NOMAA. Mimarlık Stüdyosu'nun Kadıköy Belediyesi Hizmet Binası Mimari Proje Yarışması için tasarladığı proje önerisi.
“Merdivenli yolların kaç basamaktan oluştuğundan, kemer kavislerinin açı derinliğinden, çatıların hangi kurşun levhalarla kaplandığından söz edebilirim sana; ama şimdiden biliyorum, hiçbir şey söylememiş olacağım sonunda.
Zira bir kenti kent yapan şey bunlar değil, kapladığı alanın ölçüleri ile geçmişinde olup bitenler arasındaki ilişkidir … Anılardan akıp gelen bu dalgayı bir sünger gibi emer kent ve genişler… Kent geçmişini dile vurmaz, zamanın izini taşıyan her parçasına, sokak köşelerine, pencere parmaklıklarına, merdiven tırabzanlarına, yazılı geçmişini bir elin çizgileri gibi barındırır içinde.”

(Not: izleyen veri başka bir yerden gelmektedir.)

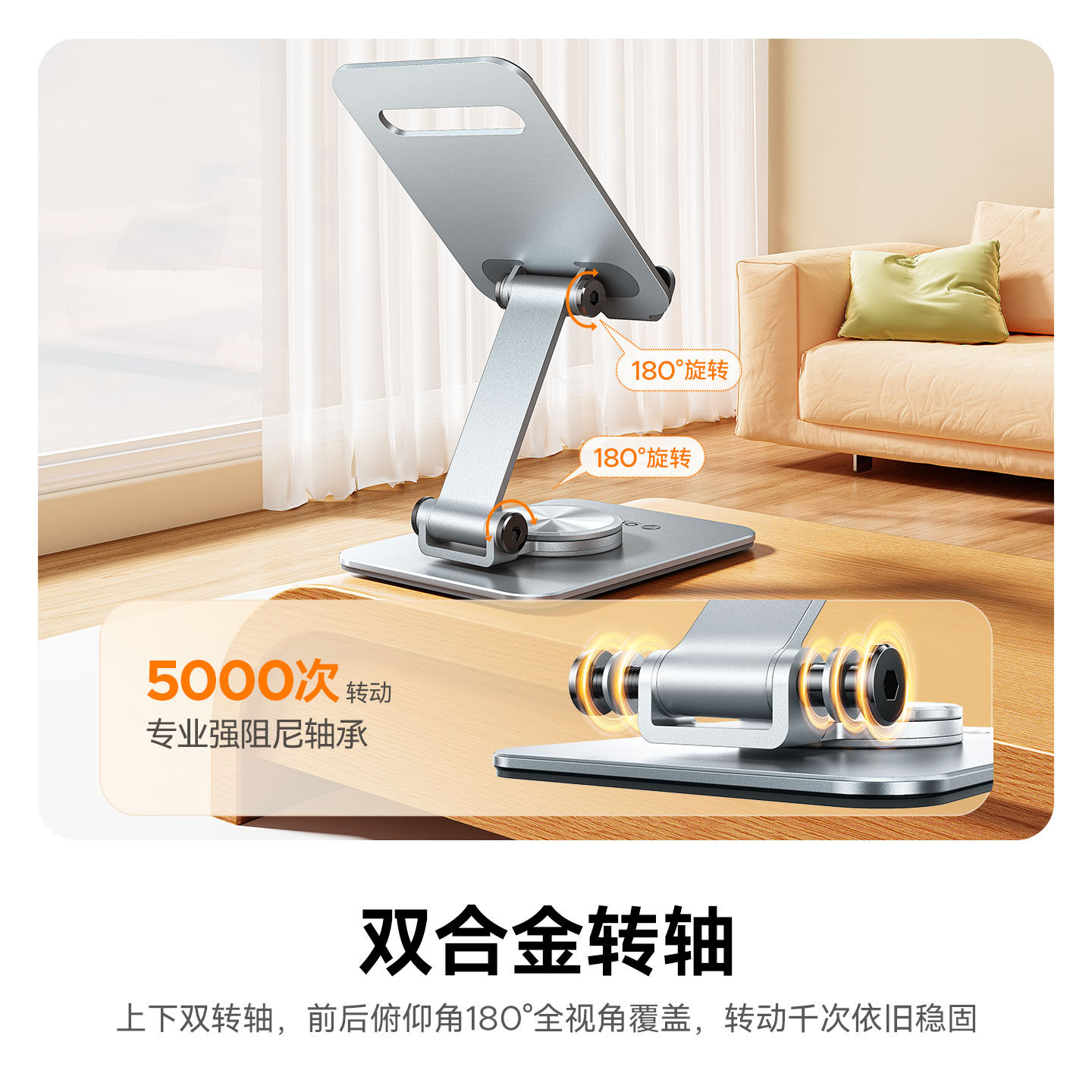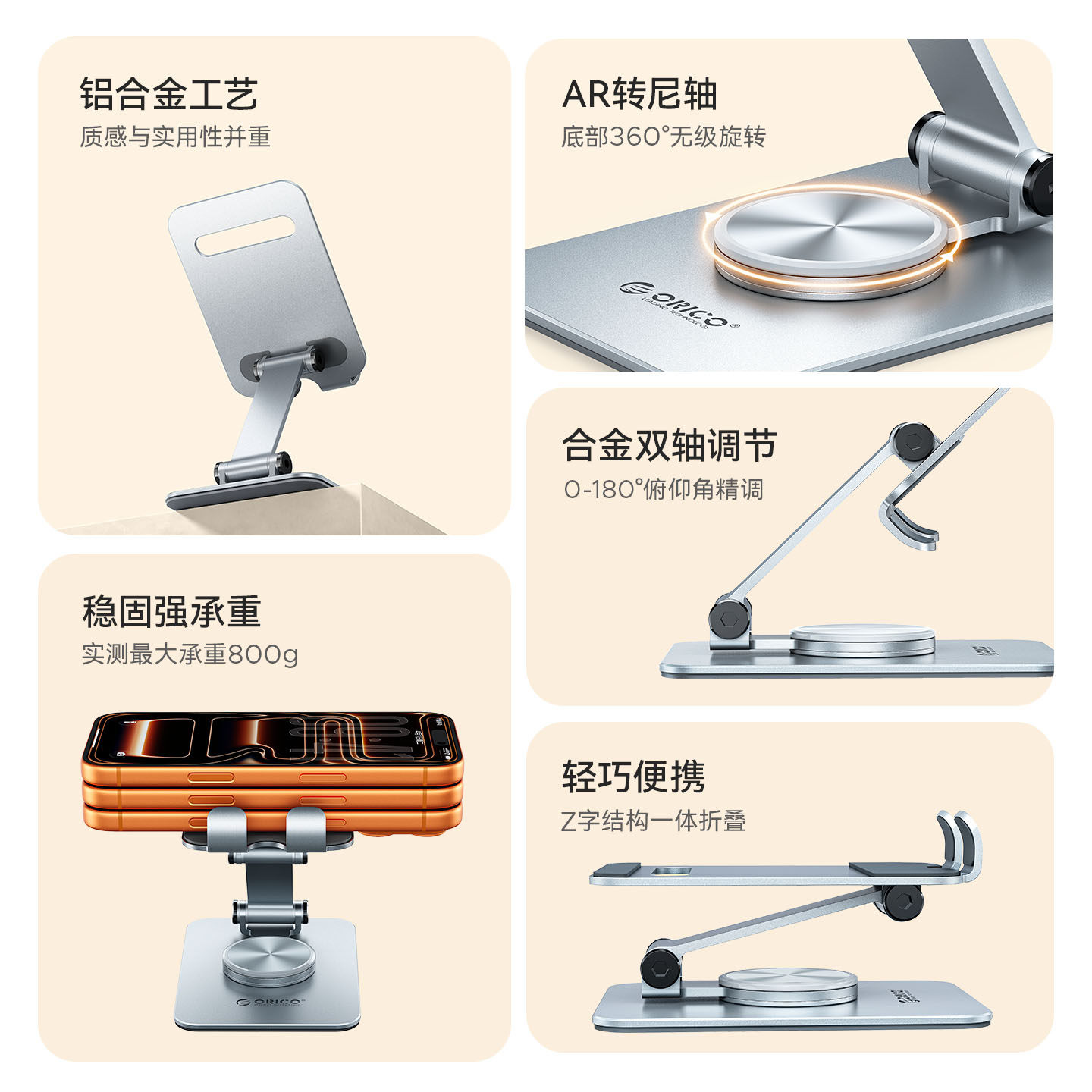 奥睿科手机支架2025新款铝合金手机稳固承重桌面支架折叠便携万向360度无极旋转懒人支架磁吸支架直播底座
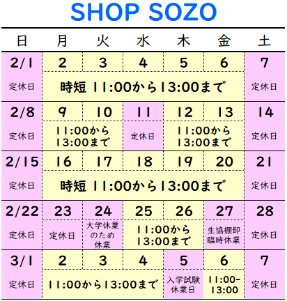 - 4月1日(水)まで、購買SHOP SOZOを春休みのため時短営業(11:00-13:00)いたします。

Italo Calvino – Görünmez Kentler

Kadıköy, 1911
Belediye kavramı, yerel yönetim birimi olarak halkın ihtiyaçlarını karşılamak amacıyla hizmet veren bir yapıyı ifade etmektedir. Belediyenin temel işlevi, halkın yaşam kalitesini iyileştirmek, toplumsal düzeni sağlamak ve çeşitli kamu hizmetlerini sunmaktır. Belediyeler, halktan bağımsız bir yapı değildir; aksine, halkın kendisidir. Dolayısıyla, belediyenin her düzeydeki hizmeti, halkın gereksinimlerine uygun şekilde düzenlenmeli, erişilebilir ve şeffaf olmalıdır.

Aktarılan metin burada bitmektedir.